(Records from a collection)

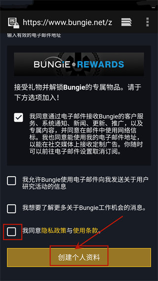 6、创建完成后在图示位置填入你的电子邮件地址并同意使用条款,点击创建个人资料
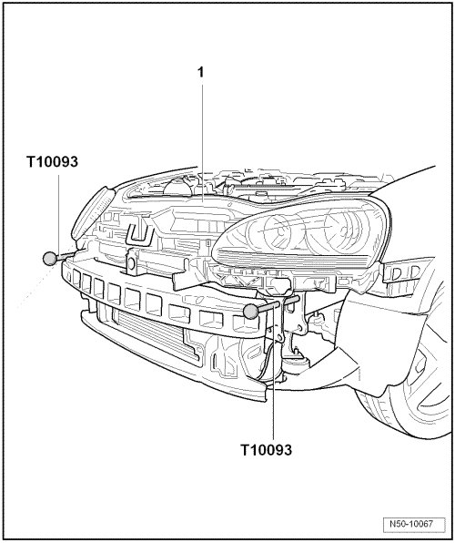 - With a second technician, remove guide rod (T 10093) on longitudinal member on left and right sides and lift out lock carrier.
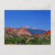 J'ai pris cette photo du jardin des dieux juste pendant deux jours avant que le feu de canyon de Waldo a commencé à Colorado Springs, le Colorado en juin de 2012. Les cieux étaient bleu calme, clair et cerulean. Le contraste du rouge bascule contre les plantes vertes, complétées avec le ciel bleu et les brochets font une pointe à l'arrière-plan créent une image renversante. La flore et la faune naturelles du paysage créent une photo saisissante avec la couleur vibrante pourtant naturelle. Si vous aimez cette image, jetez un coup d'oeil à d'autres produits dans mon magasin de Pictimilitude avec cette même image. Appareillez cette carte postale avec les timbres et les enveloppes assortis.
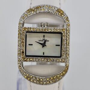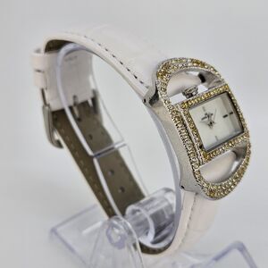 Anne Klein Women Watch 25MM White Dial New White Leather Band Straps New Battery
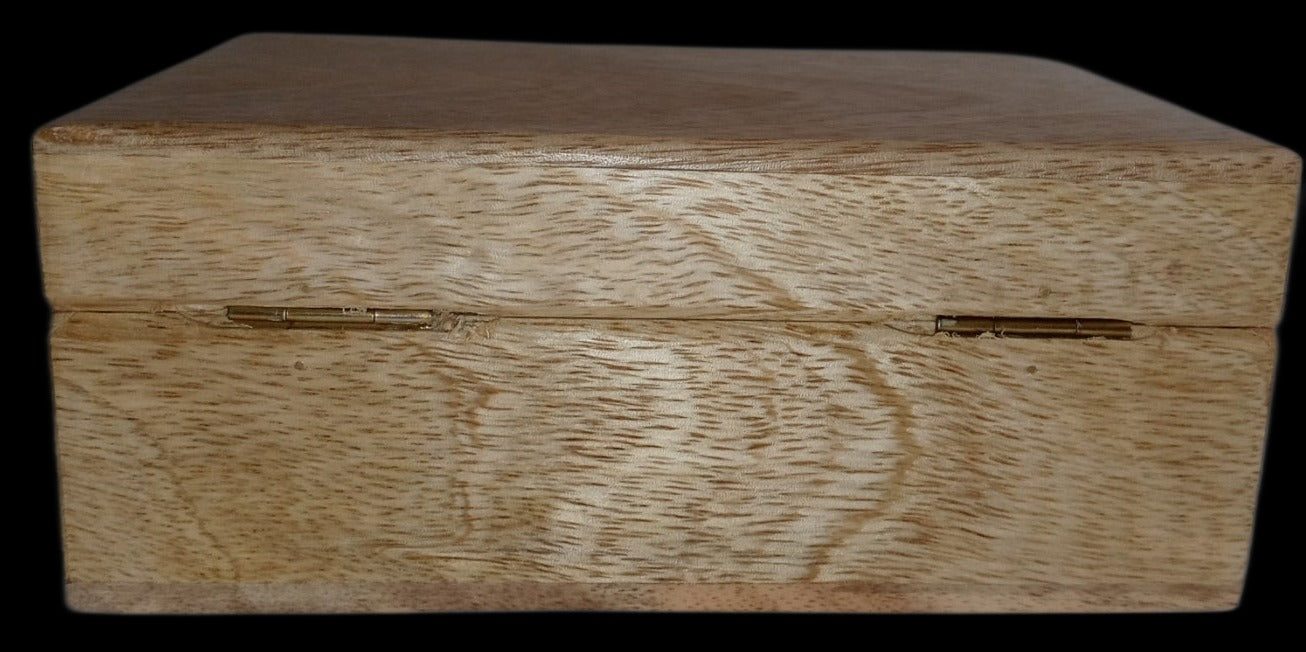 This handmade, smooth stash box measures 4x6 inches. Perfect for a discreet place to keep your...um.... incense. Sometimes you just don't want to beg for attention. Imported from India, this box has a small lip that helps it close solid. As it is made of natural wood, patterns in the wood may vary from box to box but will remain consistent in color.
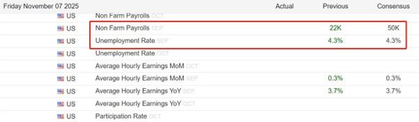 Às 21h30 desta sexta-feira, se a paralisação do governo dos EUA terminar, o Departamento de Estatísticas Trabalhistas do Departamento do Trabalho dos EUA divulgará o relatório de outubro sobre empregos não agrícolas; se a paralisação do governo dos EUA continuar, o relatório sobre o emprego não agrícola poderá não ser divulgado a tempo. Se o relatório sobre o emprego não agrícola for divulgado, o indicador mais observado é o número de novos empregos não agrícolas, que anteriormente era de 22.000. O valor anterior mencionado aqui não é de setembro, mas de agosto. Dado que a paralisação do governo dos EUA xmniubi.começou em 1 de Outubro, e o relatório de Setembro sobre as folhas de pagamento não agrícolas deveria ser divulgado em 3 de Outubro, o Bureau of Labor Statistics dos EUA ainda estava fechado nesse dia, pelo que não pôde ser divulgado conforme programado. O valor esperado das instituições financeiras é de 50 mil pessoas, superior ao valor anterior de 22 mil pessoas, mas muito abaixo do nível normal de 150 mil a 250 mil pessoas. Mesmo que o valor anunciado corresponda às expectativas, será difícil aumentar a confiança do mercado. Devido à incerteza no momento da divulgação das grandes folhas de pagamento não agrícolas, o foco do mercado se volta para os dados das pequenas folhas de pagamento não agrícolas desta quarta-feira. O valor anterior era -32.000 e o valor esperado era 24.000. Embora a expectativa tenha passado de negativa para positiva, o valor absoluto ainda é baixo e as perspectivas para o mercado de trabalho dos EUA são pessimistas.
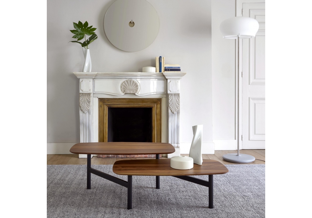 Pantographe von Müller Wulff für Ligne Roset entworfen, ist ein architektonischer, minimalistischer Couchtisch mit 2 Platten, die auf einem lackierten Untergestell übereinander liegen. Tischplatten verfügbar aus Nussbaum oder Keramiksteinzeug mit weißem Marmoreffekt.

* **Description of the task**: Could you copy exactly, and with no pictures, the lines above from the one containing "Às 21h30 desta" through the last line, both included?

* **Task solution**:
 Às 21h30 desta sexta-feira, se a paralisação do governo dos EUA terminar, o Departamento de Estatísticas Trabalhistas do Departamento do Trabalho dos EUA divulgará o relatório de outubro sobre empregos não agrícolas; se a paralisação do governo dos EUA continuar, o relatório sobre o emprego não agrícola poderá não ser divulgado a tempo. Se o relatório sobre o emprego não agrícola for divulgado, o indicador mais observado é o número de novos empregos não agrícolas, que anteriormente era de 22.000. O valor anterior mencionado aqui não é de setembro, mas de agosto. Dado que a paralisação do governo dos EUA xmniubi.começou em 1 de Outubro, e o relatório de Setembro sobre as folhas de pagamento não agrícolas deveria ser divulgado em 3 de Outubro, o Bureau of Labor Statistics dos EUA ainda estava fechado nesse dia, pelo que não pôde ser divulgado conforme programado. O valor esperado das instituições financeiras é de 50 mil pessoas, superior ao valor anterior de 22 mil pessoas, mas muito abaixo do nível normal de 150 mil a 250 mil pessoas. Mesmo que o valor anunciado corresponda às expectativas, será difícil aumentar a confiança do mercado. Devido à incerteza no momento da divulgação das grandes folhas de pagamento não agrícolas, o foco do mercado se volta para os dados das pequenas folhas de pagamento não agrícolas desta quarta-feira. O valor anterior era -32.000 e o valor esperado era 24.000. Embora a expectativa tenha passado de negativa para positiva, o valor absoluto ainda é baixo e as perspectivas para o mercado de trabalho dos EUA são pessimistas.
 Pantographe von Müller Wulff für Ligne Roset entworfen, ist ein architektonischer, minimalistischer Couchtisch mit 2 Platten, die auf einem lackierten Untergestell übereinander liegen. Tischplatten verfügbar aus Nussbaum oder Keramiksteinzeug mit weißem Marmoreffekt.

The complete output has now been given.